Бодлер посвятил поэту-песеннику Пьеру Дюпону два этюда. Они почти не привлекали внимания критиков, а жаль, так как эти исследования позволяют увидеть, если принять позицию Беньямина или – в более общем плане – социокритики, как и что автор «Цветов зла» думал об истории и о ее текстуализации; что он думал о поэзии как об исторически определенной практике, сопричастной социальности. Этот диптих доказывает, что современность, или модернитет, Бодлера никоим образом не сводится к какой‐то расплывчатой и неустойчивой феноменологии, а напрямую связана с реальностью XIX века, более того, непосредственно восходит к 1848–1851 годам, когда во Франции имел место глубочайший политический кризис.

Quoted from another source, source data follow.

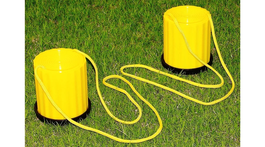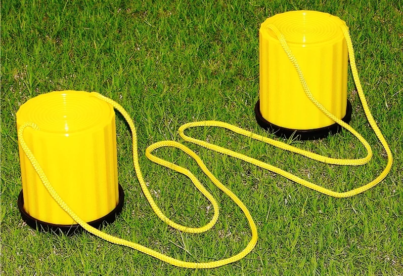 Поради променените височинни и дистанционни условия детето трябва да запазва равновесие и по време на повдигане и изпъване на крака. Изпълнението на по-сложната последователност от движения развива в голяма степен и способността за концентрация и баланс. Материал: подсилена пластмаса, с противоплъзгащ пластмасов кант. Размери: 12 см в диаметър и 13 см височина. Дължина на въжето: 145 см. Предлага се в смесени цветове (червен, жълт, зелен и син). Препоръчва се за деца от 3-годишна възраст! Посочената цена е за 1 чифт!
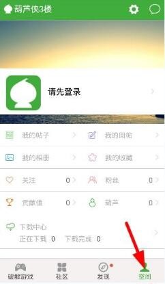 2、启动软件后,点击界面上的“空间”选项,接着完成注册与登录操作,具体步骤可参考下图:
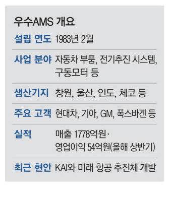 1983년 설립된 우수AMS는 자동차 부품 제조 사업과 알루미늄다이캐스팅 소재 사업, 전기추진 시스템·구동모터·전기전자 제어기술을 축으로 한 전동화 부문까지 다른 자동차 부품 회사에서는 보기 드문 다양한 사업구조를 갖추고 있다. 엔진이나 변속기에 들어가는 각종 기어류가 주요 제품으로, 현대차, 기아, 제너럴모터스(GM), 폭스바겐을 비롯한 글로벌 자동차 기업을 고객으로 두고 있다.
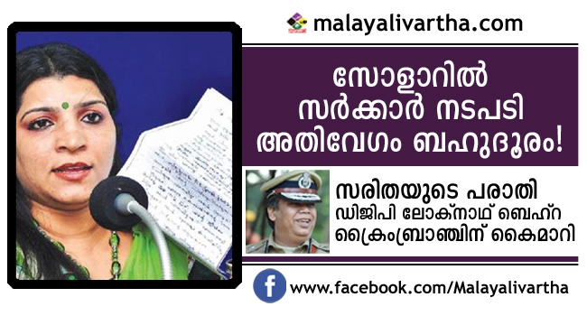സരിത നായർ മുൻ മുഖ്യമന്ത്രി ഉമ്മൻ ചാണ്ടി ഉൾപ്പെടെയുള്ളവർക്കെതിരെ നൽകിയ പരാതി സംസ്ഥാന പോലീസ് മേധാവി ലോക്നാഥ് ബെഹ്റ ക്രൈംബ്രാഞ്ചിന് കൈമാറി. സരിത മുൻപ് നൽകിയ പരാതിയും ക്രൈംബ്രാഞ്ചിന്റെ പക്കലുണ്ട്. വ്യാഴാഴ്ചയാണ് ഉമ്മൻ ചാണ്ടിക്കും മറ്റ് നേതാക്കൾക്കും സോളാർ അന്വേഷണ സംഘത്തിനും എതിരേ സരിത മുഖ്യമന്ത്രി പിണറായി വിജയന് പരാതി നൽകിയത്. ദൂതൻ മുഖേന 17 പേജുള്ള പരാതിയാണ് സരിത നൽകിയിരിക്കുന്നത്. പിന്നീട് ഡിജിപി ലോക്നാഥ് ബെഹ്റ ക്രൈംബ്രാഞ്ച് മേധാവി മുഹമ്മദ് യാസിന് പരാതി കൈമാറുകയായിരുന്നു.
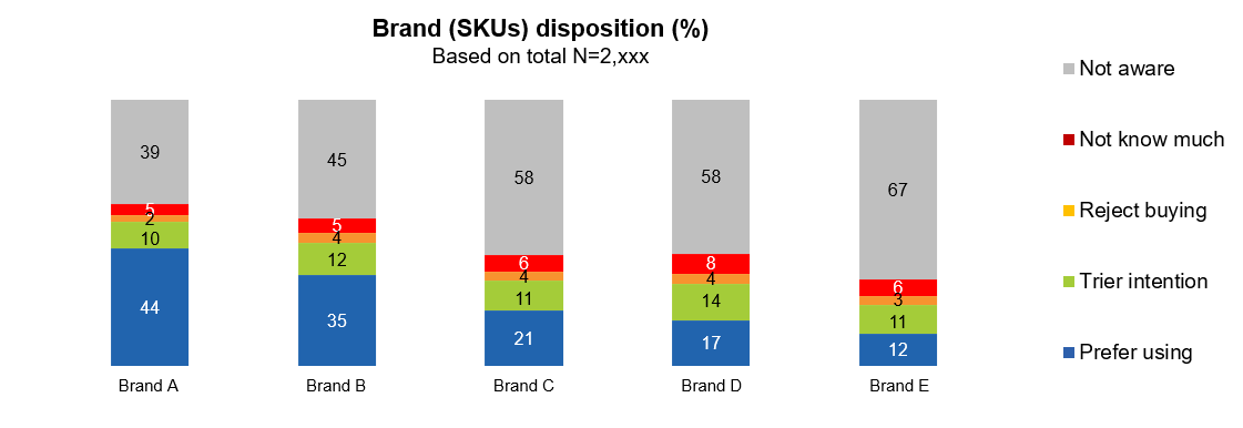 Xét về thái độ của người tiêu dùng đối với thương hiệu (Brand disposition), Brand A tiếp tục thể hiện vị thế mạnh nhất khi có tới 49% người tiêu dùng ưu tiên sử dụng, đồng thời tỷ lệ người từ chối mua thấp. Brand B theo sát với 35% người tiêu dùng cho biết ưu tiên sử dụng, cho thấy đây là thương hiệu có khả năng cạnh tranh trực tiếp.

Принято считать, что данный период положил начало современности как следствия крушения романтических мифов 1830‐х годов. Такой взгляд приемлем при условии, что современность не сводится к какой‐то внеисторической реальности. Во всяком случае, заметки Бодлера о Дюпоне отрицают подобный подход, поскольку сопровождаются точными историческими датами: первая относится к осени 1851 года, то есть написана после Июньской катастрофы и непосредственно перед Декабрьской катастрофой; вторая – к августу 1861 года, то есть она увидела свет десять лет спустя, когда режим Второй империи уже утвердился, но воспоминания о Революции и Республике все еще живы. Добавим, что эти заметки, написанные с исторической дистанцией в десять лет, позволяют не только довольно точно определить смысл идеологической эволюции Бодлера (хотя, отметим сразу, идеология здесь не самое главное), но и более наглядно представить, как, согласно различным режимам историчности, определяется отношение поэзии к социальной реальности или, по крайней мере, как оно может мыслиться.

* * *

Для начала заметим, что в заметках о Пьере Дюпоне вопрос политики – а речь идет в них преимущественно о политике – формулируется Бодлером не в политических, а в литературных понятиях. Бодлер-критик постоянно соотносит свои размышления с романтизмом; исходя именно из того отношения, которое Дюпон – республиканец, социалист и поэт – поддерживает с романтизмом, он выносит суждение о его творчестве. В этой связи мы обратимся также к нарисованному автором «Цветов зла» портрету Дюпона, полагая, что в этом отношении к романтизму Бодлер проблематизирует поэтическое и политическое своеобразие творчества Дюпона. Именно в этом плане мы будем рассматривать собственно политику бодлеровского романтизма в период 1850–1860‐х годов.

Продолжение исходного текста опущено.